I've upped my lipids into the hyper range over the past week and have been getting deliciously deep and restorative sleep every night. I feel calmer, too. Yesterday for lunch I consumed two eggs followed by 2/3 of a tub of FAGE Total yogurt with raw cacao nibs and shredded coconut, followed by a small serving of strawberries, followed by some delicious raw-milk cheese. I was stuffed and content. This is becoming a typical lunch for me. Sometimes I'll have a can of sardines in olive oil or left-over beef from the prior dinner instead of the yogurt, but I will then eat the yogurt AND greek-milk kefir in the evening. And I don't eat fatty meat, I eat meaty fat!

To health and wellbeing!

Happy New Year!

Dr. B G said...

Aaron!

Happy New Year to you and ur beaut family as well!

You are in the hyper lipid ZONE dude!!! *wink*

Are we spoiled? Life is GOOD... every minute.

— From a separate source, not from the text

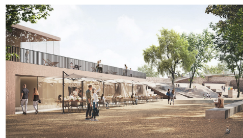
Blick auf das Areal aus der Fußgängerperspektive

LOMA architecture landscape.urbanism, Kassel Brunnhöfer + Vukorep + Schück Architekten Landschaftsarchitekt Stadtplaner, Kassel Kommunikationsdes.: chezweitz GmbH, Berlin

Ate 3-4 eggs, sauteed mushrooms (made by the hubby) and leftover miniburger patties (lamb, pork, beef from my sis' CSA -- all GRASSFED PASTURED) for breakfast w/french-pressed cafe du monde.

Just finished a nasty Xfit workout ('filthy 60') at DCF, enjoying my Peet's triple shot breve (might be the last dairy for me though for 2009 but yum... u know what they are now?), and getting ready to go SHOPPING on 4th street Berkeley w/my lil sis and our Paleo babies/kids :) (mostly window shopping but good walking *haa* as the wallet is leaner than my *ss right now!!)